# The Spirit Box



## Many__Of__Horror (Dec 8, 2019)

My 5 year daughter has enjoyed getting involved with the pedal builds, especially coming up with design ideas. I first threw her design control over my Abyss build. Her brief was "glitter and unicorns" So we came up with this. ?




She wanted to do another design so I gave her charge of my Spirit Box build. She picked out the knobs, LED and enclosure colour and gave me the artwork brief of "Fairies" so we sat down at the computer and looked through images, most of which I just could not bring myself to have on a pedal. So I gently steered her in the direction of doing a Fairy door like the one she has in her room to write letters to the Fairies.
We came up with this that kind of fits into the whole Spirit Box name. The fairies live inside the pedal making the wonderful sounds.

The pedal itself....
What a beautiful ambient maker.

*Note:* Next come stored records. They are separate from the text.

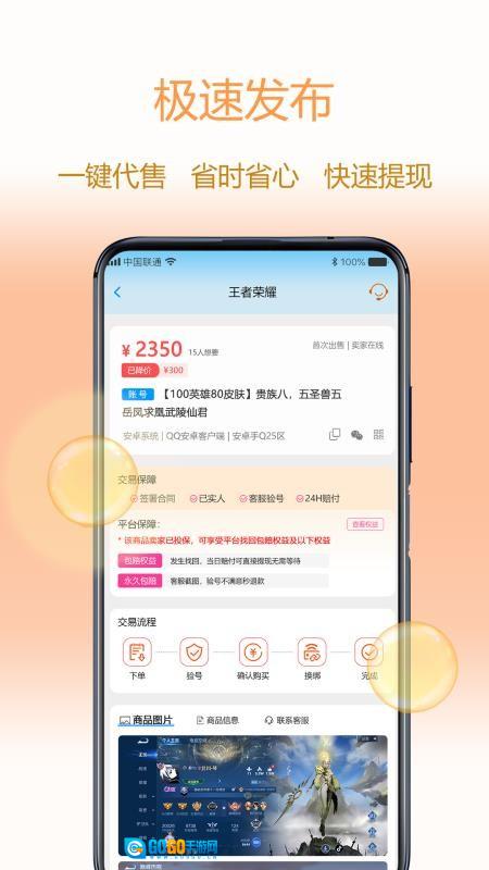 这是一款一站式专业游戏交易服务软件,平台上汇聚海量高品质游戏账号资源,用户能随心挑选并购买心仪的游戏账号,让在线购买各类游戏账号变得更为轻松便捷。不仅如此,用户还可随时在此快速发布闲置游戏账号,借助平台代售,轻松快速地将各类游戏账号变现,增加收入来源,且能随时提现使用。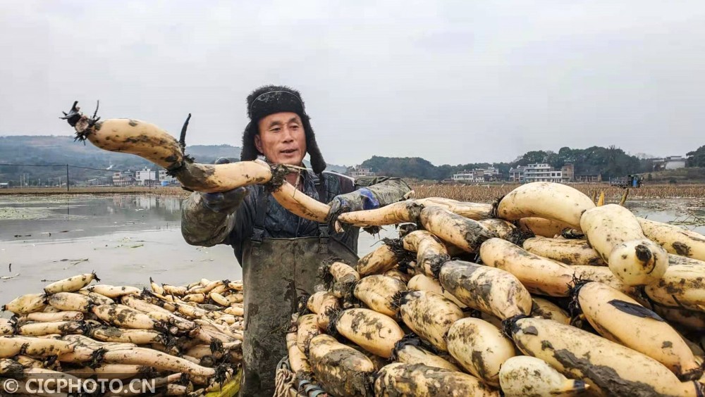 ↑2021年1月3日在湖南省衡阳市常宁市板桥镇板桥村拍摄的莲藕。CICPHOTO/唐雍钧 摄
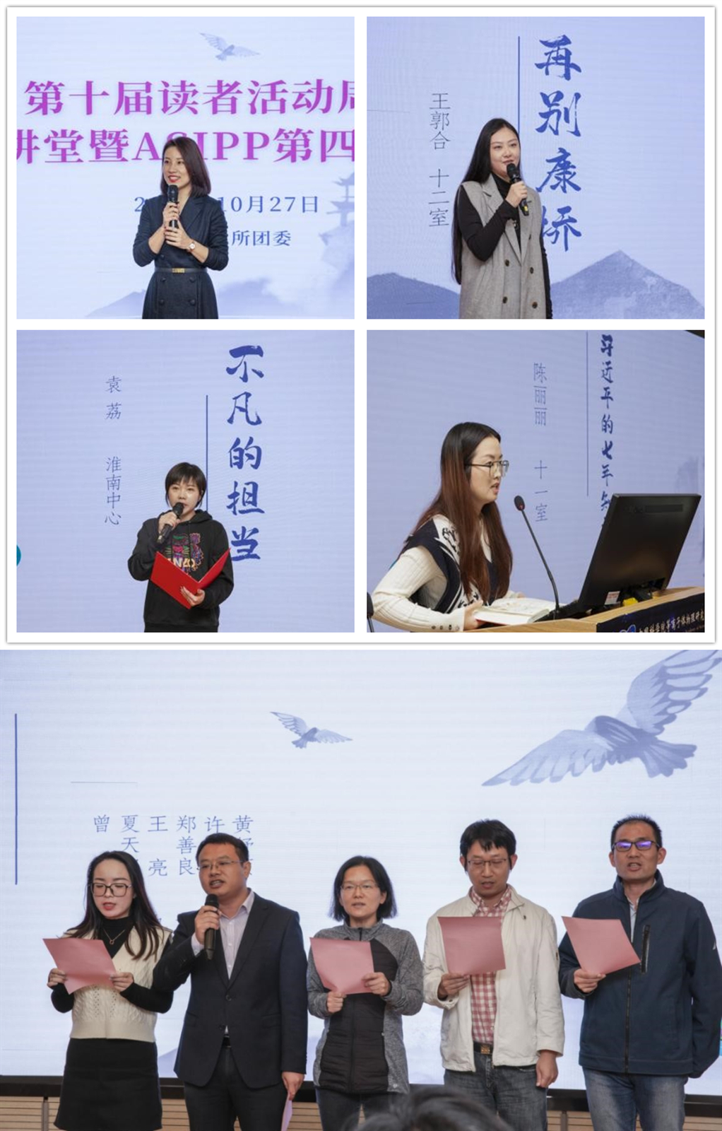 现场还举办了ASIPP第四届诵读会。王郭合、袁莉、陈丽丽分享了经典作品,曾龙、夏天阳、王亮、郑善良四位所青年科研骨干作为特邀嘉宾和所团委黄舒颍一起朗诵了毛泽东主席的《沁园春·长沙》。全场观众在阅读的引领下浸润在浓浓的书香氛围中,感受中华传统文化的博大魅力。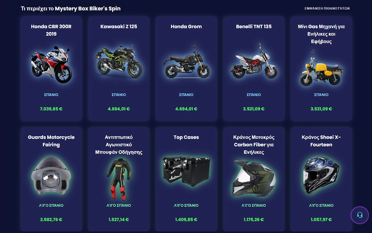 Το συγκεκριμένο Mystery Box δεν προσφέρει μπρελόκ ή απλά gadget, αλλά κορυφαίο εξοπλισμό, πραγματικές μηχανές και premium gear που συναντά κανείς μόνο σε εξειδικευμένα καταστήματα. Εδώ, το unboxing μπορεί να σας φέρει από κράνος SHARK έως μια μηχανή Honda CBR.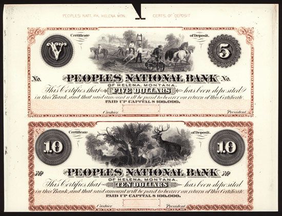 Helena, Montana Territory, ND (ca.1870-80's), $5-$10, Haxby Unlisted, Modern ÒProprietary ProofsÓ. $5 with men plowing in middle, the $10 with family of elk by stream, Black printing with dark burgundy red underprint printed on thin white card, CU to Gem Uncirculated condition. National BNC. Archival ÒProprietaryÓ proofs rarely seen in sheet form. (ABN Commemoratives, AIA XI, May 15, 2012)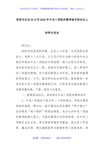 / 党委书记在XX公司2025年中央八项规定精神读书班会议上的研讨发言
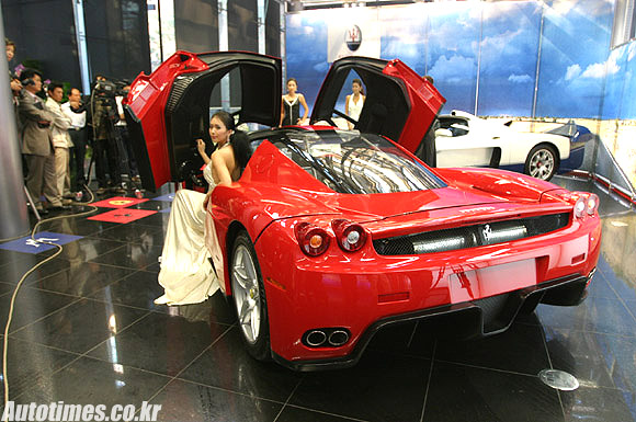 이 날 소개된 엔초 페라리는 페라리 역사상 가장 빠른 도로용 스포츠카로 창업자에 경의를 표하는 의미에서 그의 이름을 따 모델명을 정했다. V12 5,988cc 660마력 엔진을 얹어 최고시속 350km, 최대토크 67.0kg·m, 출발 후 시속 100km 도달시간 3.65초의 성능을 자랑한다. 또 출발 후 19.6초면 1km를 주파할 수 있다. 피닌파리나가 디자인한 외관은 단단하면서도 깔끔한 인상을 주며 앞부분에 각이 살아 있는 대형 공기흡입구로 대담한 분위기를 자아낸다. 옆라인은 좁고 볼록하게 디자인해 F1 머신을 연상시키며 걸윙도어 방식이다. 차체는 카본 화이버와 알루미늄 등으로 만들었으며 인테리어 역시 스티어링 휠, 페달 등 주요 내장 표면을 카본 화이버로 마무리했다. 가격은 25억원이나 이 차를 기다리고 있는 국내 고객이 3명이어서 이 날 전시가 끝나면 주인을 찾아갈 예정이다.

My first time using a Belton brick and man is the sound lovely for over the top atmosphere.
I took the suggestion of using an internal trimpot on R4 to adjust the pedal volume. I think it was a 20K trimmer and would have been at around 17-18K for unity volume. The trimpot board on PedalPCB is great for it.

So yeah, now I rock Unicorn & Fairies on my pedalboard ?


----------



## BurntFingers (Dec 8, 2019)

I didn't know I needed some pink LEDs until now. 

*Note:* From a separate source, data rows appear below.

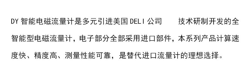 DY智能電磁流量計是流儀引進美國DELI公司技術研制開發(fā)的全智能型電磁流量計,電子部分全部采用進口部件,本系列產品計算速度快、精度高、測量性能可靠,是替代進口流量計的理想選擇。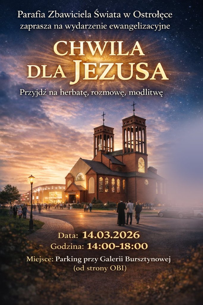Już w najbliższą sobotę, 14 marca, mieszkańcy Ostrołęki będą mieli okazję do zatrzymania się w codziennym biegu. Na placu przed Galerią Bursztynową odbędzie się wydarzenie ewangelizacyjne pod hasłem „Chwila dla Jezusa”. To inicjatywa skierowana do każdego, kto szuka rozmowy, wspólnej modlitwy lub po prostu chwili wytchnienia w życzliwej atmosferze.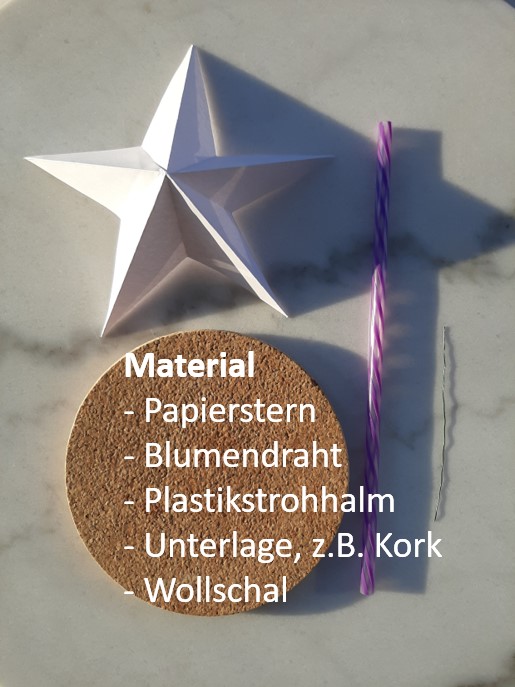 Wie man einen schönen Stern faltet kann man auf YouTube sehen, ebenso einen Clip zur Geschichte und zur Physik Reibungselektrizität.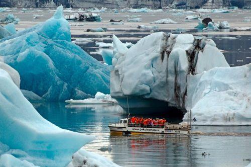 Wij maken hier een boottocht met een amfibievoertuig, dat tussen de ijsschotsen door vaart.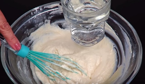- Не припиняючи швидко розмішувати масу, тонкою цівкою залийте вскипяченную воду.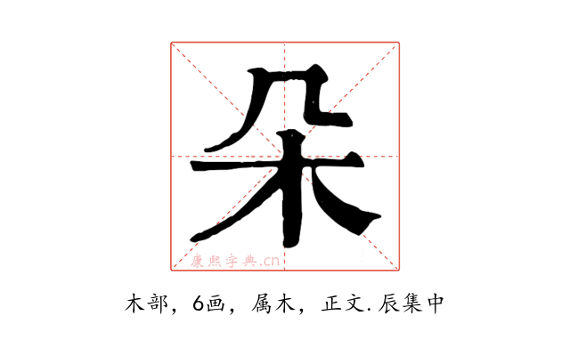 〔朵〕字收录于《康熙字典》正文・辰集中,康熙部首是木部。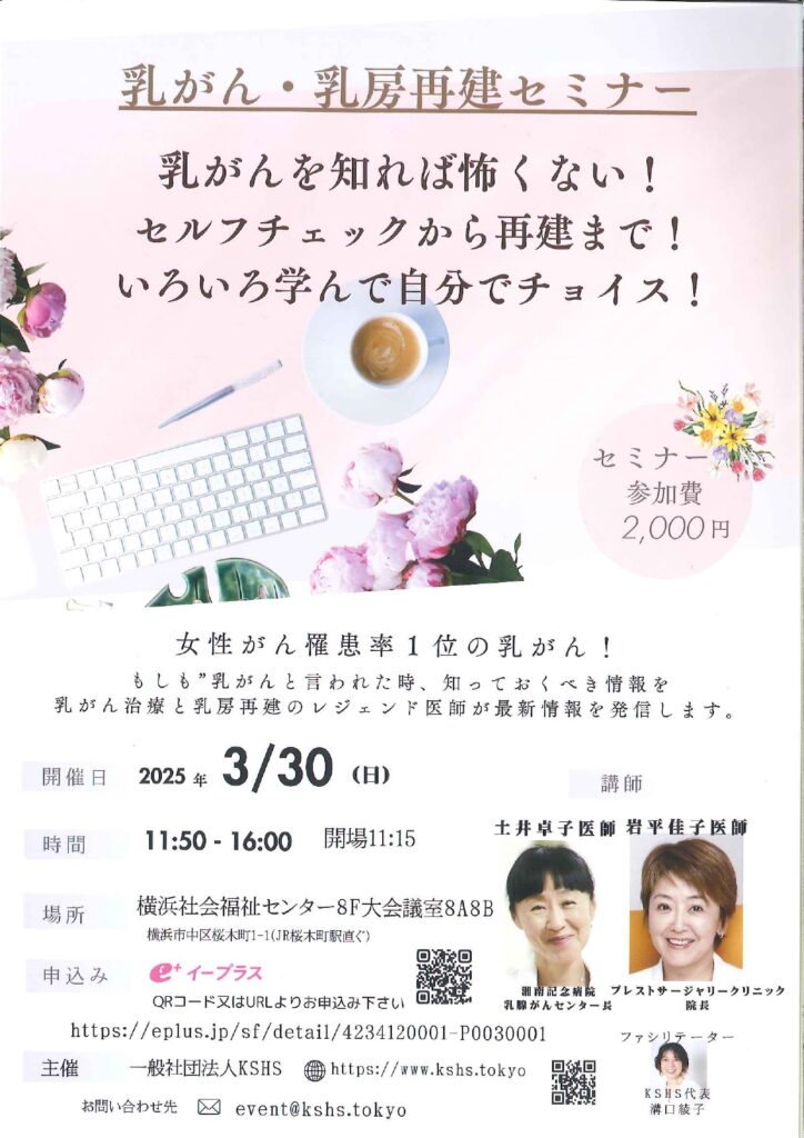 2025年3月30日(日)に桜木町で開催されます一般社団法人KSHS 主催の乳がん・乳房再建セミナー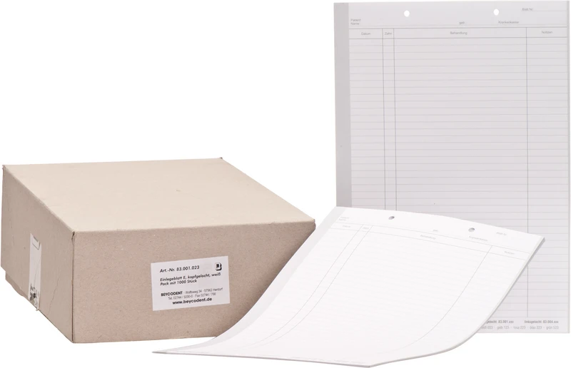 - Einlegeblatt A, B, D – med en kolonne for BEMA/GOZ eller BEMA-nr. posisjoner!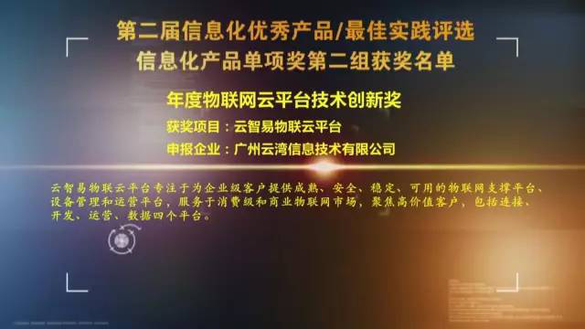 在本次大会中,云智易物联云平台凭借强大的技术实力、成熟的平台架构、优质的服务体验和卓越的业界口碑在众多竞争企业中脱颖而出,荣获 “年度物联网云平台技术创新”奖项。

I had the spirit box in my cart but couldn't find the brick at tayda so didn't go through with it. Where did you find yours?


----------



## Many__Of__Horror (Dec 8, 2019)

BurntFingers said:


> I didn't know I needed some pink LEDs until now.
> 
> I had the spirit box in my cart but couldn't find the brick at tayda so didn't go through with it. Where did you find yours?


Not sure where you are, but there are quite a few places selling them out there, just do a search for BTDR-2H (Long) and you should find one. Otherwise Small Bear have them.

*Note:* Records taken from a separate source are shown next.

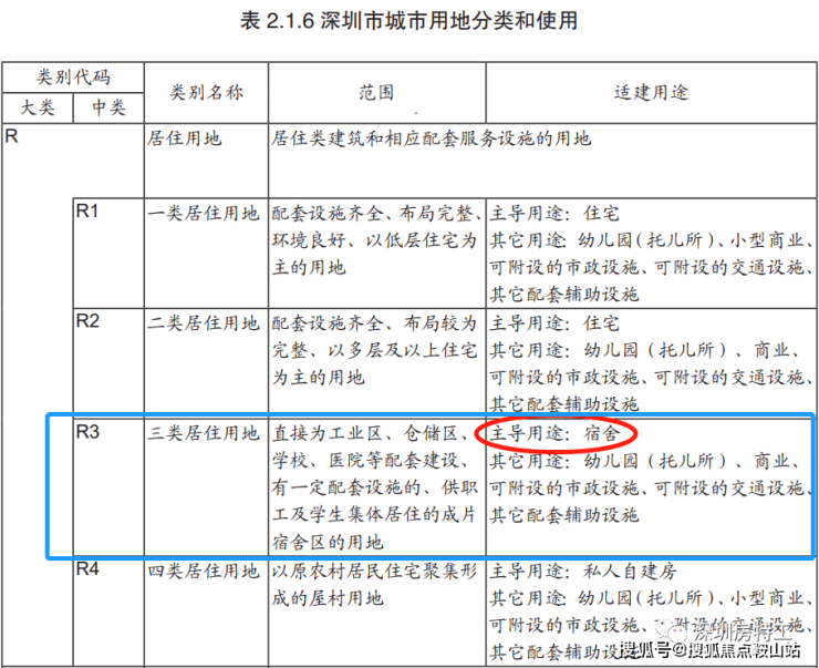 什么是R3性质用地呢?R3用地全称为三类居住用地(住宅是二类居住用地),在类别上属于居住用地,适建用途是宿舍。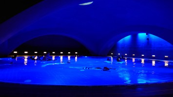 Ich beschließe meine Schwester noch etwas in die Irre zu führen. Wir steuern zum Tempodrom... und an ihm vorbei... zu einen Seiteneingang, dsr unter die Halle führt. Liquidrom verkündet ein Schild darüber. Eine urbane Grottentherme mit Sauna direkt im Kellergeschoss des Tempodroms. "Komm, wir entspannen erstmal!" Meine Schwester ist komplett verwirrt. Nach Berlin fahren für eine Therme? Nicht ganz, sage ich, und gebe ihr die Röyksoppkarten. Die Augen fliegen weit auf. Sigur Ros? Nein, ich meine.... ooooooh! Breites Grinsen. Ja genau, und das hier ist unsere Art von liquidem Loungebereich, bevor wir hoch- und abgehen.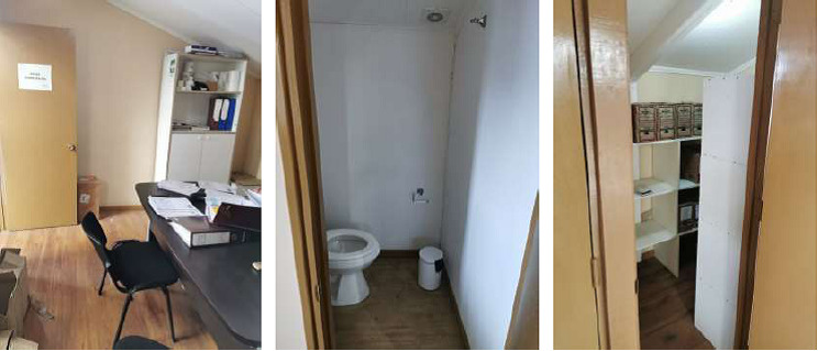 Piso cer谩mico en oficina y ba帽os.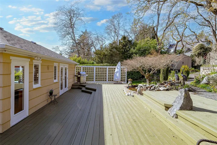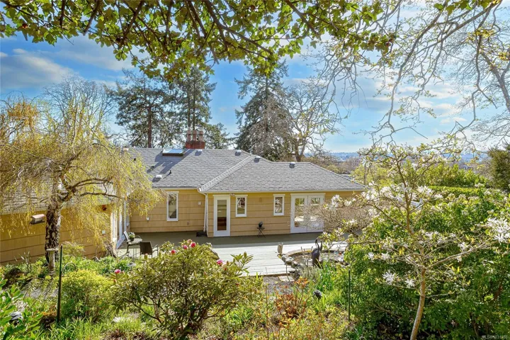 *Open House Sun Apr 19, 1-2pm* Nestled on more than 1/3 of an acre with southwest views toward the Sooke Hills this lovely 1940’s home has been tastefully remodeled throughout, while preserving many character elements within. The primary suite is a luxurious retreat with fireplace, spa ensuite & French doors that open to a very private deck & garden. The kitchen is designed for the gourmet with 2 islands, stone countertops, wood flooring and adjoining family area with gas fireplace. Bright, formal dining & living rooms with feature fireplace, a 2nd bedroom and 3-piece bathroom with laundry complete the main floor. Downstairs is a 3 bedroom suite with separate laundry & a large open kitchen/living room with fireplace. The stunning gardens extend throughout the rear of the property with water features, mature plantings, stone masonry walls and flower beds. Workshop/garage plus ample parking. This property offers a private oasis in one of the most sought after central areas of the City.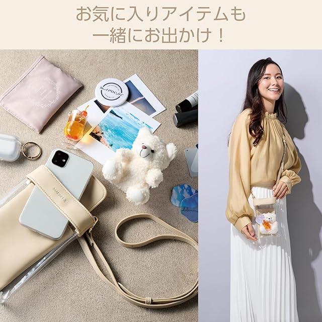 エレコム スマホショルダー スマホポーチ MAPOCHE クリアポケット 肩掛け マグネットフラップ ミルクティーホワイト P-MAP06WH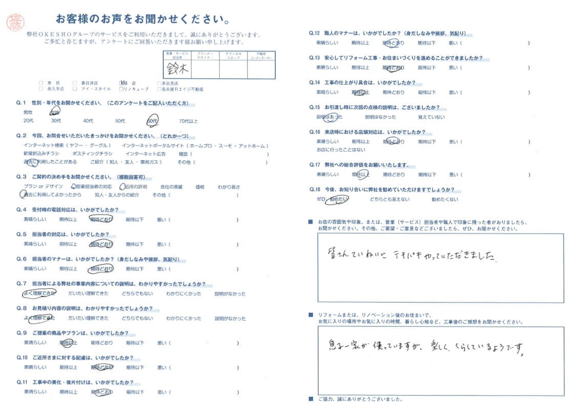 お店の雰囲気や印象。または、営業(サービス)担当者や職人で印象に残った者がおりましたら、お聞かせください。その他、ご要望・ご意見などございましたら、ぜひ、お聞かせください。

						Belton BTDR-2H Reverb Modules
					

Small Bear Electronics DIY Parts




					smallbear-electronics.mybigcommerce.com


----------



## BurntFingers (Dec 8, 2019)

New Zealand is good for a lot of things. It is not so good for sourcing Belton bricks.


----------



## Many__Of__Horror (Dec 8, 2019)

BurntFingers said:


> New Zealand is good for a lot of things. It is not so good for sourcing Belton bricks.


Should have known you'd be close by at this time of the day. Pedal Parts Australia has the medium version. He may be able to source it. But if you are getting a bunch of parts from Small Bear may work out similar pricing etc.





						BTDR-2H REVERB MODULE - MEDIUM [ICSN0012] - $39.00 : Pedal Parts Australia, DIY Guitar & Effect Pedal Parts
					

Pedal Parts Australia BTDR-2H REVERB MODULE - MEDIUM [ICSN0012] - DETAILS: ACCUTRONICS BTDR-2H REVERB MODULE - MEDIUM HORIZONTAL MOUNT MEDIUM REVERB - 2.5s STEREO OUTPUTS (can be summed for mono)




					www.pedalpartsaustralia.com


----------